Поэтому, если Панофски, один из основоположников иконологии*, пишет, что "1400 год означает нечто совершенно различное для Венеции и Флоренции, не говоря об Аугсбурге, России и Константинополе" , то для нас это означает следующее: Древность, Средние века и Новое время находились тогда там в несходных метаморфических соседствах. Не говоря уже о том, что само число участников метаморфозиса могло быть разным, не дотягивая до оптимальной троичности (в России и Константинополе черты Нового времени в ту пору были слишком спорадичны и слабы, чтобы принять на себя роль полноправных собеседников).
Духовными средоточиями Древности, Средних веков и Нового времени -- если свести все к предельно сжатой формуле -- являются соответственно натуро-, тео- и, видимо, социоцентризм. Термин же "антропоцентризм", который обычно сопутствует и Возрождению, и всему, что за ним последовало, нельзя считать идеально корректным, ибо человек всегда и везде, даже в первобытной дикости, был главной мерой и главным проводником имманентно-трансцендентных отношений. Говоря же о социоцентризме, мы в какой-то степени повторяем суждение Вико. Он, как известно, различал незрелые ("героическую" или "мифологическую", затем "божественную" или "религиозную") и взрослую ("гражданскую", "научную" или "разумную") стадии человеческой истории; социоцентризм отвечает "гражданской" или "разумной", последней стадии его системы. Подобная поправка к традиционному антропоцентризму звучит, как в словесных угадайках, несколько теплее, но тоже не исчерпывает сути дела. И, собственно, вся наша книга представляет собой опыты дальнейшего уточнения и уяснения, -- если не антропоцентрической и не только социоцентрической, то какой? -- новизны Нового времени.

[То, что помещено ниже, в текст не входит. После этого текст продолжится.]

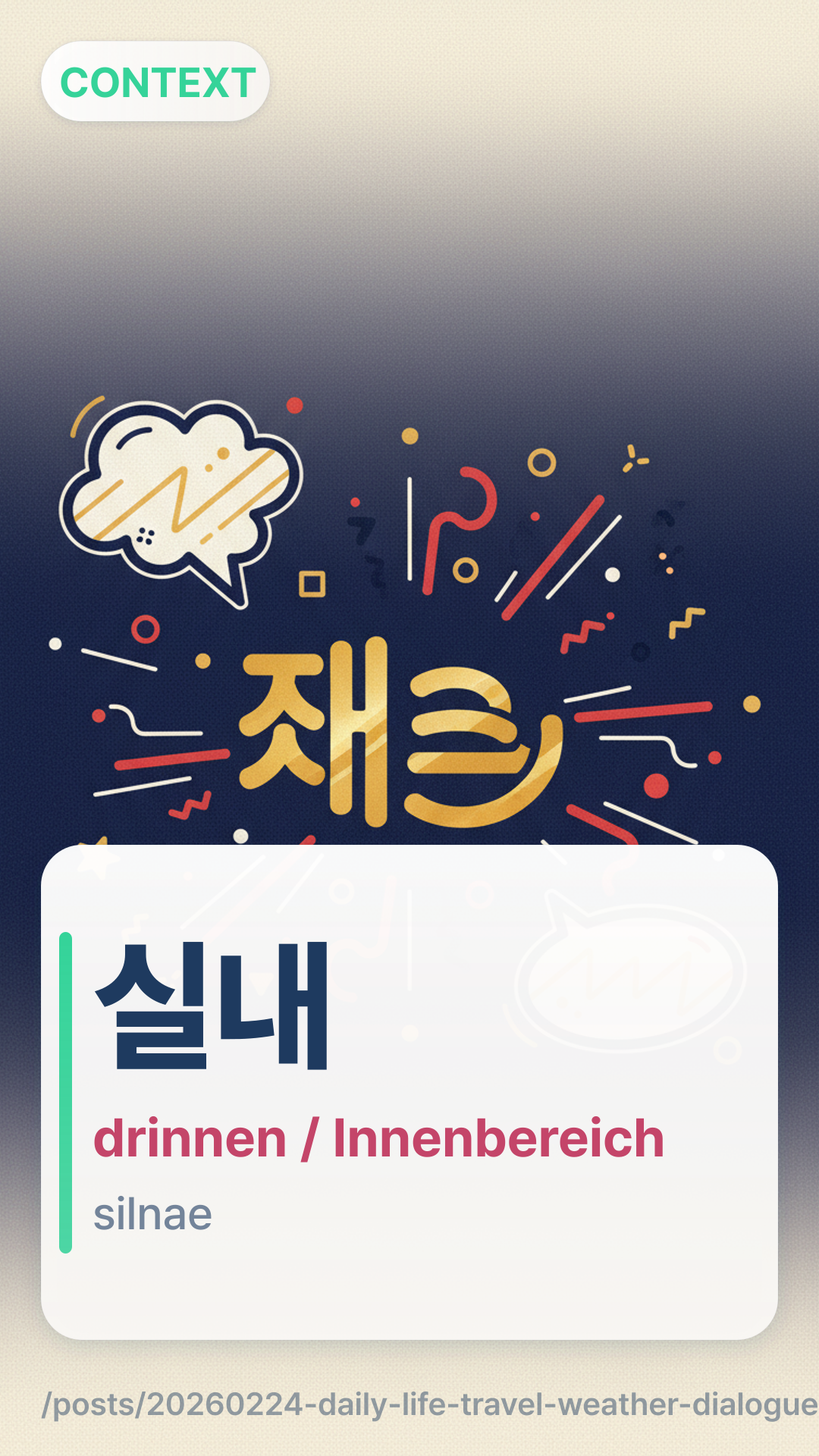 실내silnae실외siroe안에서aneseo (Innen).

Размышляя о высшем созвучии либо диссонансе мегаформ как основе всякого исторического явления, следует постоянно иметь в виду и следующий важнейший момент. Старейшая мегаформа, Древность, четко разделяется на два периода -- первобытно-родоплеменной и, так сказать, державный. В последнем (что касается Европы -- в Греции и Риме) складываются фундаментальные предварения Нового времени с его религиозным вольномыслием и плюрализмом, предварения современного права, гражданского государства, философии природы. В этом смысле именно греко-римская античность может быть названа Предвозрождением даже с большим правом, чем те островки нового в позднесредневековом море, которые принято так именовать. Но несмотря на эту двусоставность, мы все же предпочитаем говорить о Древности как единой гиперэпохе, желая способствовать более глубокому постижению тех исторических ландшафтов, где Древность державная -- это средиземноморское "Протовозрождение" -- не имела столь пластически многообразной, многовековой судьбы.

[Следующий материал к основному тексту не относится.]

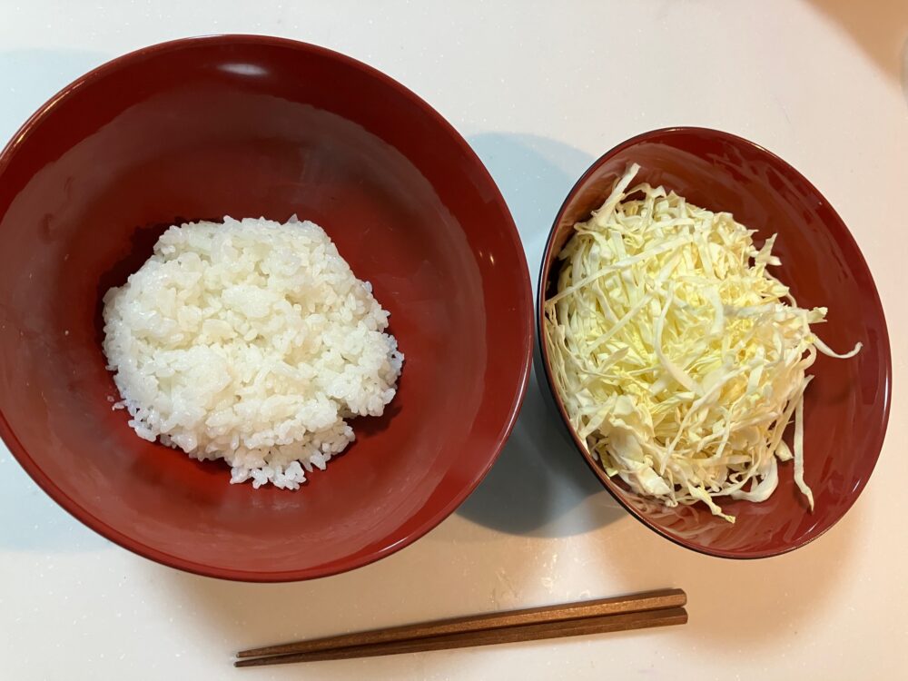 野菜は炭水化物と比べると低カロリーです。痩せるための必須条件、『インスリンを減らす』×『摂取㌍<消費㌍』を満たしやすくなります。日本人の主食の定番、炊き立て白米をキャベツと比較してみましょう。上の写真をご覧ください。白米1膳(150g、240㎉)と同じ量のキャベツはたった34.5㎉…6分の1以下( ゚Д゚)

Существует своя, особая магия исторических чисел. Три -- самое устойчивое из них, и попытки подменить его четверицей (добавив Новейшее время) либо вообще неопределенным множеством эпох выглядят неосновательно.
* * *
Языческая магия Древности, мировые религии Средневековья, еще нами адекватно не опознанное нечто Нового времени, проступая в своих конкретных выражениях, --охватывающих все, от физиогномики географической среды до мельчайших завитков орнамента, -- сосуществуют по своим особым, сверхорганическим законам, неуловимым с помощью биоаналогий. Можно было бы сравнить мегаформы с разновозрастными историческими кварталами живописного города, --вообразив, что его архитектура обладает не только четкой структурностью, но и свойством одолевать любые преграды, по необходимости безбрежно расширяясь или сжимаясь. Продолжая метафору, отметим, что нелинейный метод открывает наличие не одной почвы как первозданной основы традиции, но нескольких, а именно трех почв, подобно тому как в полуразрушенном здании образуется несколько наносных слоев земли, из которых растет всякая зеленая всячина. Менее мрачная метафора напомнит о зимних садах на разных этажах какой-то парадной постройки.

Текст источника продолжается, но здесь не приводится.